The famous episode involving Fred Fisher, Jr. is described in detail. Fisher was on the staff of Joe Welsh, who would be a chief interrogator of McCarthy and Cohn during the hearings. Fisher had joined the National Lawyers Guild, and the Guild was “…fervently left-wing…” He later worked with a man who was allegedly a member of the Communist party to help establish a new chapter of the Guild. Fisher revealed all of this to Welsh when asked whether there was anything in his past that McCarthy could take advantage of. Welsh preempted McCarthy by giving the New York Times the information about Fisher and announcing that he had been dropped from his staff. The information was printed in an article published six weeks before the hearings began. The hearings were given gavel to gavel coverage by the ABC and DuMont networks. There were 45 million people watching.
The McCarthy-Army hearings gained nationwide interest not because of the content or conduct, but because of the political theatre on live television. The New York Times reported early on that McCarthy started out on top not because of his aggressiveness but because of the “bone headedness” of his adversaries. President Eisenhower said “This McCarthy-Army argument and its reporting are close to disgusting. It saddens me that I must feel ashamed for the United States Senate.” Vice President Richard Nixon said “The quicker the hearings can be concluded and public attention devoted to more important subjects, the better it will be for the country. Roy Cohn, one of the targets of the hearing, said that they “…were less a search for truth than a gigantic personality play.” The book does follow the pattern of giving interesting background on the main characters, such as Joseph Welch, who would become McCarthy’s chief adversary. Welch had been asked to take the position by none other than Tom Dewey, the Republican presidential candidate who had failed to unseat Harry Truman.

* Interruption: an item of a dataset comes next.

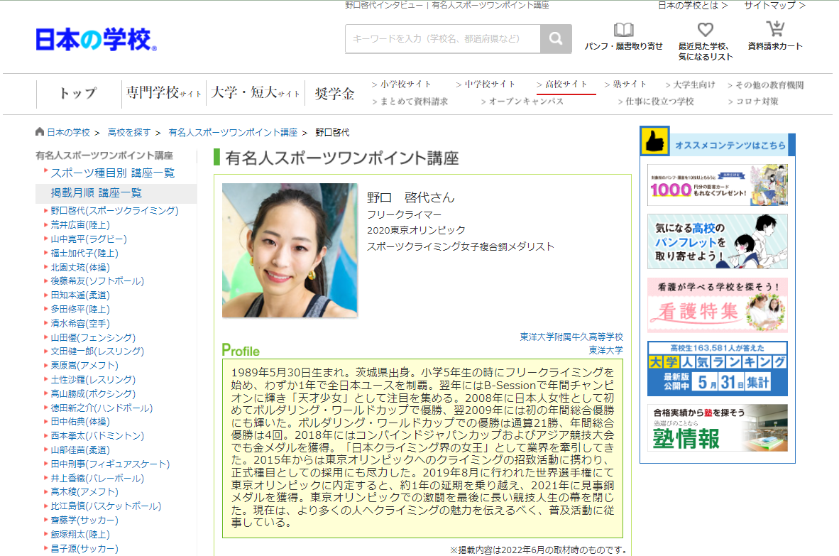 全国の大学・短大・専門学校などの学校情報を提供する、株式会社JSコーポレーション(本社:大阪市北区 代表取締役社長:米田英一)は、スポーツワンポイント講座「フリークライマー/野口啓代さん」

Roy Cohn and Joe Welch made a secret agreement to avoid issues. Cohn agreed not to air allegations against Fred Fisher and his membership in the National Lawyers Guild and Welch agreed not to delve into the way Cohn used appointments to West Point to avoid the draft. However, McCarthy brought up the Fred Fisher issue and allowed Welch to launch into the theatrics that would become the dominant memory if the hearings. Welch had removed Fisher from work on the committee, and had given that information to the New York Times weeks before the hearings. However, when McCarthy brought up Fisher’s name, Welch launched into his best play acting to denounce how McCarthy had revealed a secret that would ruin Fisher’s life. His lines included the famous, “Have you no sense of decency, sir, at long last? Have you left no sense of decency?” Welch would eventually break down into tears, and the galley erupted into prolonged ovation. As Welch was leaving the hearing room with tears still streaming done his face he asked another lawyer, “Well, how did it go?”
The hearings, which caused McCarthy’s popularity to drop from around 50 percent to the mid-30s, consumed 36 days spread over two months. McCarthy would never recover, and the Senate eventually gained the courage to take him on in hearings to censure him. The vote was 67 to 22 to “condemn” him rather than to “censure” him. Regardless, McCarthy’s political clout never recovered. He also was reported to be “…putting away a quart of whiskey a day.” He died in 1957, and the cause of death was officially acute hepatitis.
The last chapter of the book explores the role of television in the Vietnam War and protests against that war, Watergate, 9/11, what the book calls “…the so-called war on terror,” and the Iraqi War. The author is seldom complimentary about the manner in which such events were covered. Ominously, he points out that despite the rise of the internet 70 percent of Americans said their primary source of news was television in 2004.
I intend to post a companion blog to discuss the vast differences between the way this book and “Blackmailed by History” tells the Joe McCarthy story. I also intend to post a definition of the term “McCarthyism” on the expressions link.